A 39-year-old woman with nephrotic syndrome presents to the emergency department with 1 week history of headaches and nausea. She develops an acute deterioration in her mental status and is intubated and mechanically ventilated. Imaging reveals cerebral venous sinus thrombosis of the sagittal and transverse sinuses. Heparin anticoagulation is prescribed; however activated partial thromboplastin time (aPTT) is 46 seconds after multiple boluses and infusion per hospital protocol.

Which of the following is the MOST appropriate next step in managing this patient’s condition?

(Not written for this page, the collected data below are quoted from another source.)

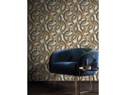 Elegantní vzor pávů - podklad černý, vzor modrá a hnědo-zlatá. Reflect = zrcadlení. Zrcadlení je kolekce vliesových tapet plná iluzí s luxusním designem v zářivých barvách, pozvedne váš interiér jemnými odstíny a krásným třpytem. Každý paprsek světla vytv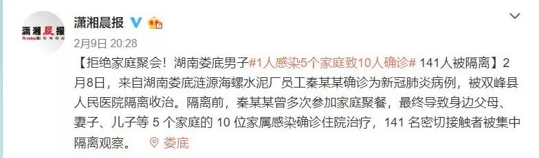 2月10日湖南省人民政府官网发布消息称,2月8日,娄底市涟源海螺水泥厂员工秦某林确诊为新冠肺炎病例,被双峰县人民医院隔离收治。隔离前,秦某林曾多次参加家庭聚餐,最终导致身边父母、妻子、儿子等5个家庭的10位家属感染,确诊住院治疗,141名密切接触者被集中隔离观察。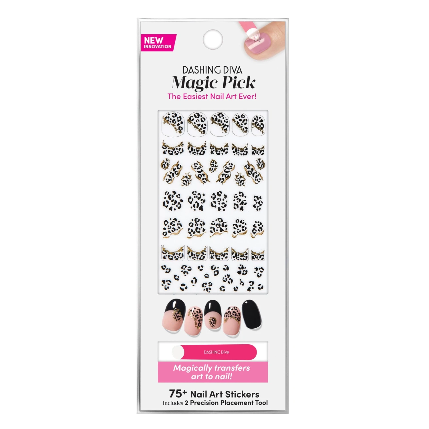 Stop catching butterflies, start chasing cheetahs. Premium nail art stickers featuring expressive designs, including gold foil & black leopard print in the style of French tips, asymmetrical French tips, and traditional design accents.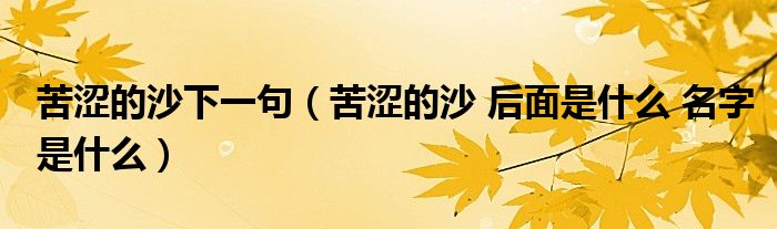 关于苦涩的沙下一句,苦涩的沙 后面是什么 名字是什么这个很多人还不知道,今天菲菲来为大家解答以上的问题,现在让我们一起来看看吧!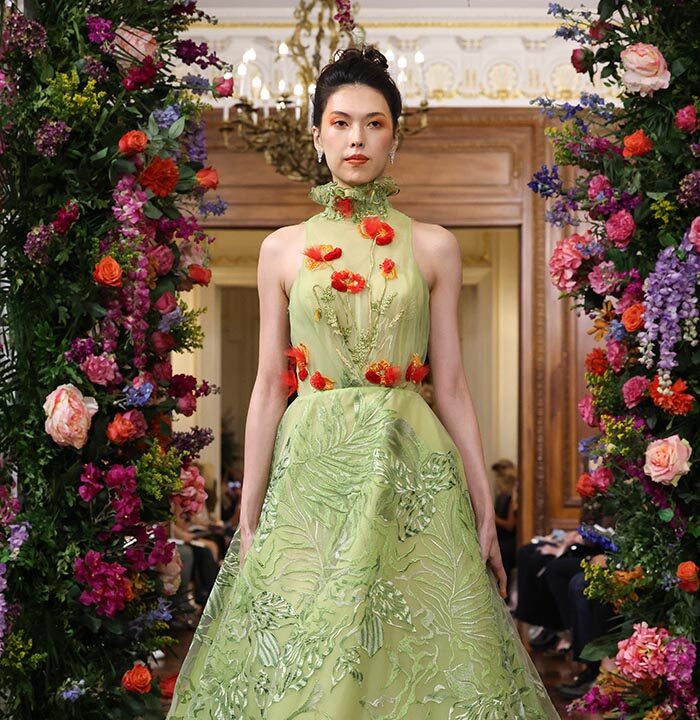 LOOK 54 Venetian Dreams in Parrot Green: A High Neck Ombre Leaf Gown with Enchanting 3D Floral Embroidery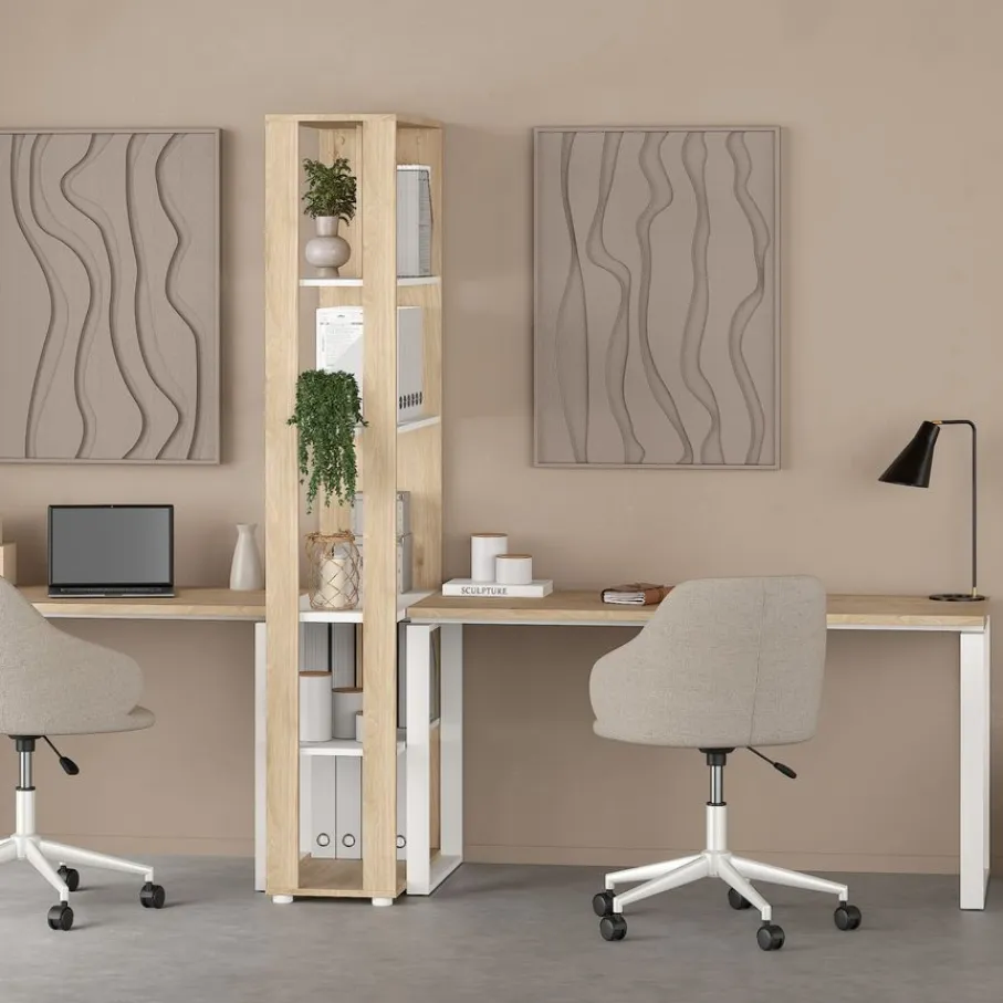 - Eiken houtlook met strak wit metalen onderstel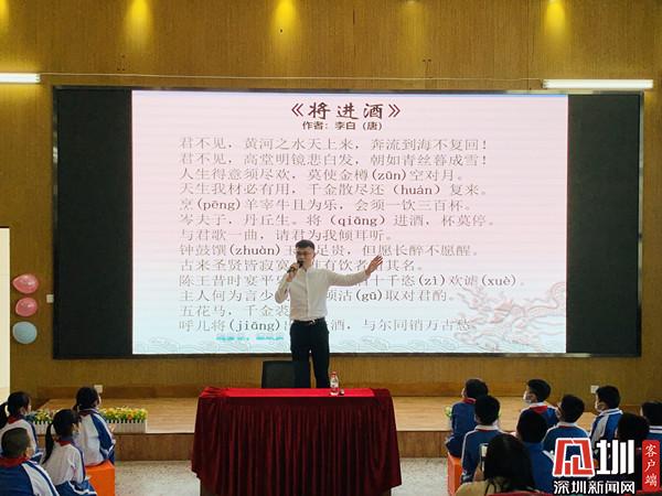 深圳新聞網(wǎng)訊(深圳新聞網(wǎng)記者 彭桂紅 通訊員 梁文雅)為進一步弘揚中華優(yōu)秀傳統(tǒng)文化,近日,深圳市錦田小學(xué)特邀青年文化學(xué)者、深圳市百姓學(xué)習(xí)之星、深圳市公益閱讀推廣人、深圳市首屆家園文化文學(xué)會會長晉玉東為廣大師生開展了一場別開生面的“中國古典詩詞朗誦藝術(shù)鑒賞——兼談如何朗誦好一首詩”公益文化講座。羅湖區(qū)錦田小學(xué)德弘校區(qū)副校長劉向陽、羅湖區(qū)錦田小學(xué)德弘校區(qū)主任張俊暉、羅湖區(qū)未來學(xué)校主任謝淑紅、德弘二年級家委代表以及語文科組老師,一同參加。活動由班主任梁文雅和學(xué)生劉沛東、張家琪共同主持,近200名學(xué)生參加了講座活動。整場講座師生熱情高漲,主講嘉賓深入淺出、娓娓道來,參與學(xué)生思維活躍、表現(xiàn)積極,帶動校園形成了學(xué)習(xí)詩詞文化的良好氛圍。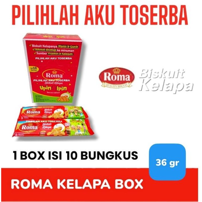 Roma Kelapa merupakan biskuit yang dibuat dari kelapa segar pilihan. Biskuit ini dilengkapi dengan sumber vitamin dan kalsium yang dapat menutrisi tubuh Anda. Nikmati biskuit bersama teh di sore hari dapat mencerahkan hari Anda.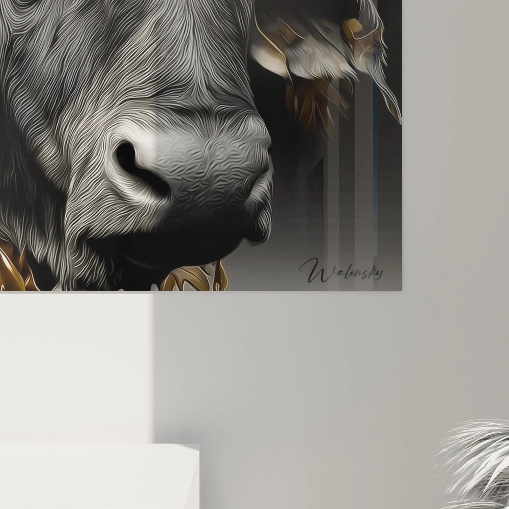 La palette chromatique de ce tableau décoratif buffle s'articule autour d'un camaïeu de gris métalliques sublimés par des accents dorés éclatants. Cette œuvre d'art animalière véhicule des symboles puissants : le buffle incarne la détermination, la protection du clan et la connexion profonde avec la terre ancestrale. Les tons dorés évoquent la lumière dorée des savanes africaines au coucher du soleil.

A. Use a new batch of heparin and notify the manufacturer of inefficacy of this batch
B. Switch to bivalirudin
C. Transfuse packed red blood cells
D. Cease further boluses, but rather double the infusion rate

Correct Answer is B

Comment:

Correct Answer: B

This patient’s resistance to heparin is likely because of an acquired antithrombin deficiency. Heparin resistance has been defined as a requirement of greater than 35 000 IU/d to achieve therapeutic anticoagulation. Nephrotic syndrome is one of the causes of acquired antithrombin deficiency. Antithrombin is a natural anticoagulant that inhibits thrombin, factor Xa, and other serine proteases. Heparin works by binding to antithrombin, causing a conformational change that results in a 1000-fold increase in the anticoagulant activity of antithrombin III (ATIII).

Hereditary antithrombin deficiency is very rare (1 in 5000 to 1 in 10 000). It is inherited in an autosomal dominant with variable penetrance. Patient’s with hereditary ATIII deficiency often have family members with a history of VTE. Acquired causes include acute thrombosis, liver disease, extracorporeal membrane oxygenation (ECMO), hemodialysis, and asparaginase therapy (treatment of acute lymphocytic leukemia). A functional antithrombin assay can help with the diagnosis of antithrombin deficiency. 

Management options include transfusion with fresh frozen plasma (FFP, contains ATIII, which will allow heparin to exert its anticoagulant effect), infusion of ATIII concentrates, or using an alternative anticoagulant such as a direct thrombin inhibitor (bivalirudin).

References:

  1. Cosgriff TM, Bishop DT, Hershgold EJ, et al. Familial antithrombin III deficiency: its natural history, genetics, diagnosis and treatment. Medicine (Baltimore). 1983;62:209.
  2. Di Minno MN, Ambrosino P, Ageno W, et al. Natural anticoagulants deficiency and the risk of venous thromboembolism: a meta-analysis of observational studies. Thromb Res. 2015;135:923.